Harms was arrested in February 2007 at the home of his wife, Diane Glenn, southeast of Broken Bow, after she reported that he had shot her.
He fired a rifle through a window into her house, then broke into the house and hit her with the butt of the gun before police arrived.
He was found guilty by a jury in January. But at Thursday's sentencing, Custer County District Judge Karin Noakes overruled motions by Harms' attorney, Steve Potter of Gothenburg, to postpone sentencing and reconvene the jury for questioning about juror misconduct.
Potter argued in an affidavit that extraneous and prejudicial information had influenced the jury's deliberations when a doctor on the jury made statements to other jurors about his medical opinion that Glenn's facial injuries had to have been caused by a bullet rather than shattered glass.
But Noakes ruled that the doctor's statements couldn't be ruled extraneous because they came from among the jurors themselves and not through an external source.
Potter has also filed a motion for a new trial. That motion will be heard next month.
Glenn, who is now divorced from Harms, made a livid statement before the sentencing, drawing a warning from Noakes for her language.
"Randy's never been a good man.
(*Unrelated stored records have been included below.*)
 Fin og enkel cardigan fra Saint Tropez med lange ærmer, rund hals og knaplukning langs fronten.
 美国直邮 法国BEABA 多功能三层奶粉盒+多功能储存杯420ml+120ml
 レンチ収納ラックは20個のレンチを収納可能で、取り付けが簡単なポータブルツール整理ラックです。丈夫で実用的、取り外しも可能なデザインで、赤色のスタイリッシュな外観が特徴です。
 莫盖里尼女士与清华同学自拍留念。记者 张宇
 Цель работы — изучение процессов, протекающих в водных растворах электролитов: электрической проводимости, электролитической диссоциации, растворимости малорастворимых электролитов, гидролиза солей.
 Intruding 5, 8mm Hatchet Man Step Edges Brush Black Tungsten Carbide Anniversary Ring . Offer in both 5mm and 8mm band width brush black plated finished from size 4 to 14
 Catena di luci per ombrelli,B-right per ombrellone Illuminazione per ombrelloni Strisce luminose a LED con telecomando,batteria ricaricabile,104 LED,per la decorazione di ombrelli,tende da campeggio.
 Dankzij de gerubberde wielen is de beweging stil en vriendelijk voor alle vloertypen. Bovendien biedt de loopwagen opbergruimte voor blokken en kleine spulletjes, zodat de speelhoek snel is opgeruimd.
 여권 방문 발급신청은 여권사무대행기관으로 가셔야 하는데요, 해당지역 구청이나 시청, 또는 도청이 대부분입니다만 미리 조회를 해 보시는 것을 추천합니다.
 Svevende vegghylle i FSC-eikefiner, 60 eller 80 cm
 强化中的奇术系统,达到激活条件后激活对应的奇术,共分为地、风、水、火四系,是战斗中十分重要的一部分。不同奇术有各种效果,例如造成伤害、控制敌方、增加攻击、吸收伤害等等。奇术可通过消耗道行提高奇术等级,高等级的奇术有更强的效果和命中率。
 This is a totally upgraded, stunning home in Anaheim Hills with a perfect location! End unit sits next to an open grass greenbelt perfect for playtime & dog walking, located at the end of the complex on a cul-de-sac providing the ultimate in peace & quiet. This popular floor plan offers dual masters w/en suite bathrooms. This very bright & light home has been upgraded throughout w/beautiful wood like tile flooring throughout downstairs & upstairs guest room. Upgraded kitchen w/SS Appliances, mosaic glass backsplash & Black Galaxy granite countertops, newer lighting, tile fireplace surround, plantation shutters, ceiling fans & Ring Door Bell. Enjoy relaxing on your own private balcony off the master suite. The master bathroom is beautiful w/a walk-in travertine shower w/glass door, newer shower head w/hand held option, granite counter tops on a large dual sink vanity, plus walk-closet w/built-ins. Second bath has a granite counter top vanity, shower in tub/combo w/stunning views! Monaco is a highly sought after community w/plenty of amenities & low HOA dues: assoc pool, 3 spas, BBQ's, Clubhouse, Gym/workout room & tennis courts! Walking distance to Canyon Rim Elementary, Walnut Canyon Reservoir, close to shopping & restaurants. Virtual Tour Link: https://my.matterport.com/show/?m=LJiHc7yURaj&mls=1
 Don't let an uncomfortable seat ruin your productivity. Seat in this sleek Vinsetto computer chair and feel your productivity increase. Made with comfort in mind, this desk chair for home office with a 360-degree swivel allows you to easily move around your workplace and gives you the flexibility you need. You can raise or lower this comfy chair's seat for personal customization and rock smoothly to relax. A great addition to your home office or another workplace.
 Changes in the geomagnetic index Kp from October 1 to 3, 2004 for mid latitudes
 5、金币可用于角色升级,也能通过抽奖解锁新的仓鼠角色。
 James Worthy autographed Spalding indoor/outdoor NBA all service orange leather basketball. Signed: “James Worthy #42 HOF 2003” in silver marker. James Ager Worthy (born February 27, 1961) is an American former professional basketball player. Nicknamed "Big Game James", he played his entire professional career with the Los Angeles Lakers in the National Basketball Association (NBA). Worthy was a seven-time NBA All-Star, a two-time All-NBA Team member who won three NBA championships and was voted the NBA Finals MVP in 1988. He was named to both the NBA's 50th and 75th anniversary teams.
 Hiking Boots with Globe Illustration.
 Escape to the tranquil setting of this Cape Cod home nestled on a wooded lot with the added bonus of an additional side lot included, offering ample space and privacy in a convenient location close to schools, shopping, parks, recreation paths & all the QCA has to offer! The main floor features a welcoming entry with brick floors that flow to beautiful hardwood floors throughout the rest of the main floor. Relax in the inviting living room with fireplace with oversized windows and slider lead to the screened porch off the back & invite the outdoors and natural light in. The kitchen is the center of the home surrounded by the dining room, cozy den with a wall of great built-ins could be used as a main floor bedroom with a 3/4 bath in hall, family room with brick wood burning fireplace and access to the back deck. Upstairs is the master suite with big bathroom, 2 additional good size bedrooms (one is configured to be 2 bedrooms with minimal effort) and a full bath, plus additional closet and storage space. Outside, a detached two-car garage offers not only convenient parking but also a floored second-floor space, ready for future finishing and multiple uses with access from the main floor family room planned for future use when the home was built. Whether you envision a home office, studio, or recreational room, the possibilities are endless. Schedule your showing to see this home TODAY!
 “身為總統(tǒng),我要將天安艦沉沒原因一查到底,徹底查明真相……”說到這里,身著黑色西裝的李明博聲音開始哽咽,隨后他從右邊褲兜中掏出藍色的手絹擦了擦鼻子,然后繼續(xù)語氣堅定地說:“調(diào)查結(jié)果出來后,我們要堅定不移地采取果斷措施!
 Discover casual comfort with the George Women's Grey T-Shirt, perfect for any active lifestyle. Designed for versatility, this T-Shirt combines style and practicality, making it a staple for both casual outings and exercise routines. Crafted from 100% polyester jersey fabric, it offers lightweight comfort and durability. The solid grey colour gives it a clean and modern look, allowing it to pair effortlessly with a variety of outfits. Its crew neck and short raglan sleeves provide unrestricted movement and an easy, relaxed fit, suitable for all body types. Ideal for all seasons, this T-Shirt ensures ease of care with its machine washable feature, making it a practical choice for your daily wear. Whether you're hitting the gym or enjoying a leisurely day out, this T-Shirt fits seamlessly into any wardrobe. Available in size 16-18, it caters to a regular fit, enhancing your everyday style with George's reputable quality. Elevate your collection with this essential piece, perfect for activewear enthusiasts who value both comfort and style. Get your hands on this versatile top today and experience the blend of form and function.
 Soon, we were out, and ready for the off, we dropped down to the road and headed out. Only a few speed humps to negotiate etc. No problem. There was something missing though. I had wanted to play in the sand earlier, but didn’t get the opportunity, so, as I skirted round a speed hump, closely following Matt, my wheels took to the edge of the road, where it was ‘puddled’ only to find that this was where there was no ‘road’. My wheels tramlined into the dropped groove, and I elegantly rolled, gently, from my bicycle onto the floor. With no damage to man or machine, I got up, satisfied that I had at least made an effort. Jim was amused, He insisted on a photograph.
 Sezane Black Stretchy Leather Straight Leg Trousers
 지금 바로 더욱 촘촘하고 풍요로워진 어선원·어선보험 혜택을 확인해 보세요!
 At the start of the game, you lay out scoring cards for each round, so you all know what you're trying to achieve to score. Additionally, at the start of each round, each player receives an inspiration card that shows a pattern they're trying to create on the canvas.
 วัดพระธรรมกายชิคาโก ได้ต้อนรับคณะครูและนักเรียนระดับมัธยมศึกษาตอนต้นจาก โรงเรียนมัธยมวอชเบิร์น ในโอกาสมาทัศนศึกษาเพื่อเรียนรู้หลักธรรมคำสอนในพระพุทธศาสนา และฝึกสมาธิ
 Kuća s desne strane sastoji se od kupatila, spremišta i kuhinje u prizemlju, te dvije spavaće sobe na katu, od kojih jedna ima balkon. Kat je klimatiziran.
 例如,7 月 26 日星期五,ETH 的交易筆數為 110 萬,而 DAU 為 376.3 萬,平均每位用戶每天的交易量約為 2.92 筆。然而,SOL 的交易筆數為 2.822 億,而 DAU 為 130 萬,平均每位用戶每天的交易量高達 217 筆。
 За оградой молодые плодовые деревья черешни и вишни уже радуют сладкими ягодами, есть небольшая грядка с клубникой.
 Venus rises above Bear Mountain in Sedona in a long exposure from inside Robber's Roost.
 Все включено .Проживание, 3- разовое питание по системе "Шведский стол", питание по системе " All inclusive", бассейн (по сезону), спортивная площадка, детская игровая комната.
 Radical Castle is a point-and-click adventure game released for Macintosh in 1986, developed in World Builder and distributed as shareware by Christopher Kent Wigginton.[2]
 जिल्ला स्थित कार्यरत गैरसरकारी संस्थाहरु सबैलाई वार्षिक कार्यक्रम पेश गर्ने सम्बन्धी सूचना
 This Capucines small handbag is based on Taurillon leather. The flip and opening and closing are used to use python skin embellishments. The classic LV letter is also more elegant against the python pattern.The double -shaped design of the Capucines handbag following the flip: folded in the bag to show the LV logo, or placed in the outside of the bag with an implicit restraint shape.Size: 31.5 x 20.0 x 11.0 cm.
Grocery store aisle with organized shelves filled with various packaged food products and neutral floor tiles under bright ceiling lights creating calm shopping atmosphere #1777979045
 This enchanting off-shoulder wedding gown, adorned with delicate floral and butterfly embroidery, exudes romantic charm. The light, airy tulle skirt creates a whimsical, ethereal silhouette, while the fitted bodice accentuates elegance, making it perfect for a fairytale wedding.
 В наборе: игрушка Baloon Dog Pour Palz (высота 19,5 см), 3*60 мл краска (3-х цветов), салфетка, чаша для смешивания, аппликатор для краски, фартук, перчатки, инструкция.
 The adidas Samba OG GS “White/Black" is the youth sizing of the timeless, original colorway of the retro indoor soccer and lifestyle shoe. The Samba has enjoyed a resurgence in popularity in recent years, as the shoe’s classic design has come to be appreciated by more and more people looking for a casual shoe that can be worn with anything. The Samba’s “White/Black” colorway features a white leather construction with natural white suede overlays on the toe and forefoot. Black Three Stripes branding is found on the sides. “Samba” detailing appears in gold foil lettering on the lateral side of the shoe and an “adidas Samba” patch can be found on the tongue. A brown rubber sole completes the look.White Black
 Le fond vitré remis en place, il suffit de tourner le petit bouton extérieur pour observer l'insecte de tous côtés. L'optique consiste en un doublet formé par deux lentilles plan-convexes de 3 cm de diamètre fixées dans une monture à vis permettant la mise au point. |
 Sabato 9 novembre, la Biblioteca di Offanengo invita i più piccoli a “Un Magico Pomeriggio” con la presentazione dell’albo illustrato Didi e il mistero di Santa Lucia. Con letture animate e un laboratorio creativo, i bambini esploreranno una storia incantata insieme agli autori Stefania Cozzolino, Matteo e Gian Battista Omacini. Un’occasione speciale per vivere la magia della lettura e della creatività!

He's never been a nice man," Glenn said. "I just want him to pay for what he did."
Some of her harshest words were directed toward Harms, who sat facing her about 15 feet away.
"That was your intention, to try to kill me," she said. "I knew that."
Harms showed little emotion as Noakes read his sentence, but several family members seated behind him in the courtroom wept loudly during the pronouncement.
During the trial, prosecuting attorneys argued that Harms had been planning all day to kill his wife, while Potter tried to show that Harms was suicidal and had only been hoping to scare Glenn.